▶ _What is being asked_
Pictures in the listing below are skipped, while the lines from the "マーケティングに関する研究を" line through the "我司為同濟大學口腔醫學院開發" line are returned word for word.

▶ _Input_
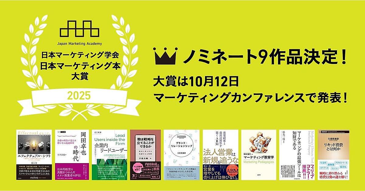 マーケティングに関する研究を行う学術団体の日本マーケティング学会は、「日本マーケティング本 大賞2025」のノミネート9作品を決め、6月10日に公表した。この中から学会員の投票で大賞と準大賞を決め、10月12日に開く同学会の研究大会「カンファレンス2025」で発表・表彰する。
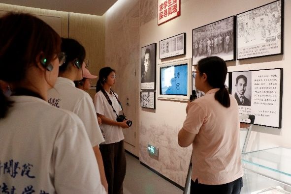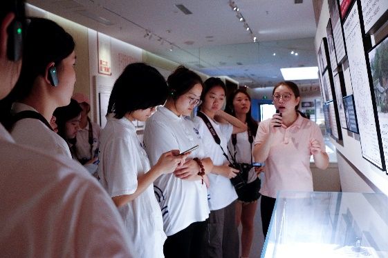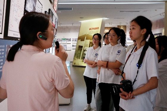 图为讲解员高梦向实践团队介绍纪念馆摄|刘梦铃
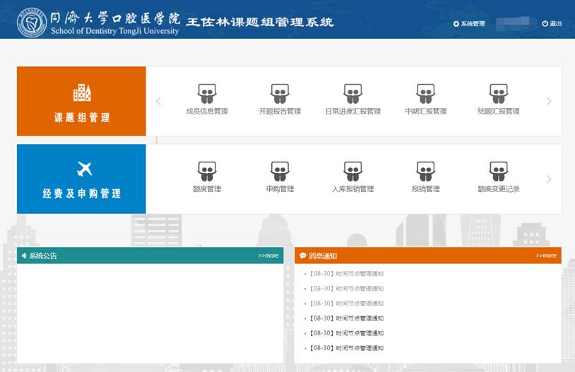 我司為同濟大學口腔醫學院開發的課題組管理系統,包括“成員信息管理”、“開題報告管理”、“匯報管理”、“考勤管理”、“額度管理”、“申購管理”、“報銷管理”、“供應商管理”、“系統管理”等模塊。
==
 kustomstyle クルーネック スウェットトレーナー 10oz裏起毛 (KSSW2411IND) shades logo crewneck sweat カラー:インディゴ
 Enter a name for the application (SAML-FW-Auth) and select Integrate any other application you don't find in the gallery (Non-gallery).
==
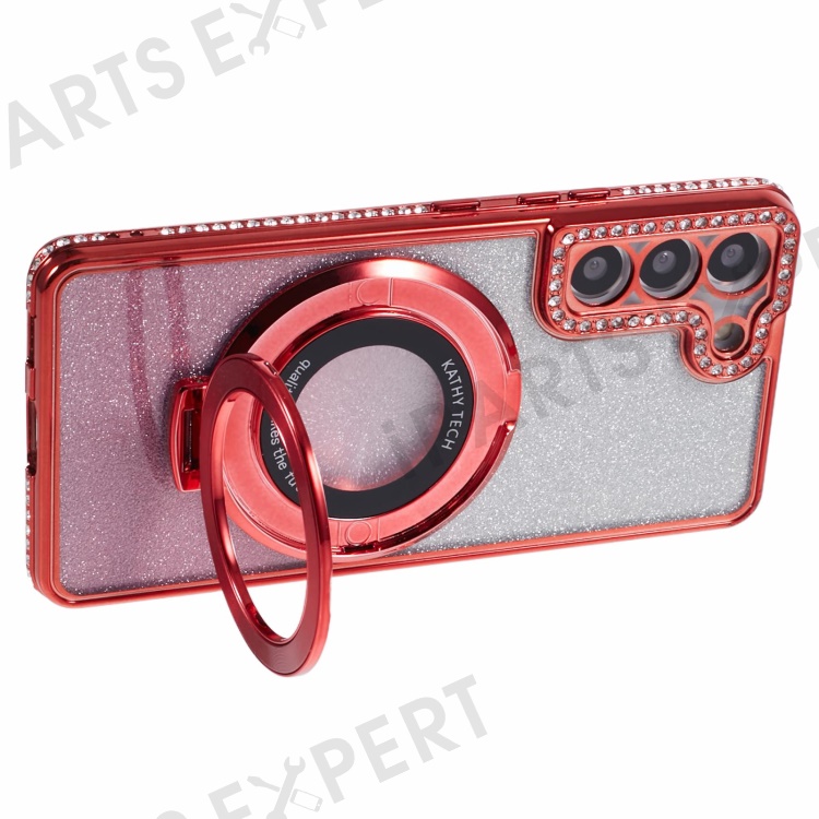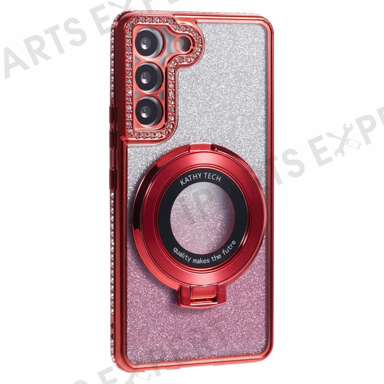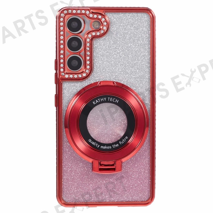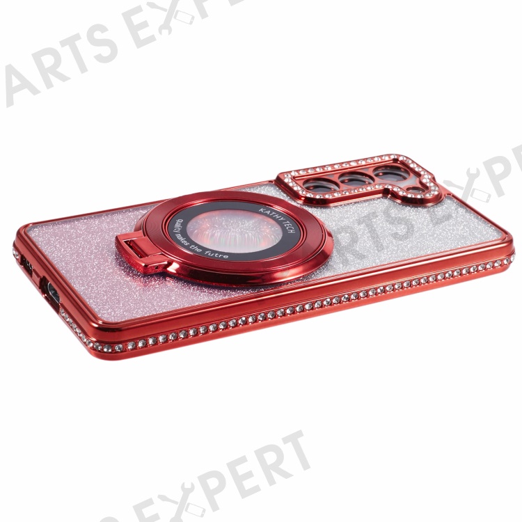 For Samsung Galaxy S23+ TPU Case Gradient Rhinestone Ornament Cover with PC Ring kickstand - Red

▶ _Task result_
 マーケティングに関する研究を行う学術団体の日本マーケティング学会は、「日本マーケティング本 大賞2025」のノミネート9作品を決め、6月10日に公表した。この中から学会員の投票で大賞と準大賞を決め、10月12日に開く同学会の研究大会「カンファレンス2025」で発表・表彰する。
 图为讲解员高梦向实践团队介绍纪念馆摄|刘梦铃
 我司為同濟大學口腔醫學院開發的課題組管理系統,包括“成員信息管理”、“開題報告管理”、“匯報管理”、“考勤管理”、“額度管理”、“申購管理”、“報銷管理”、“供應商管理”、“系統管理”等模塊。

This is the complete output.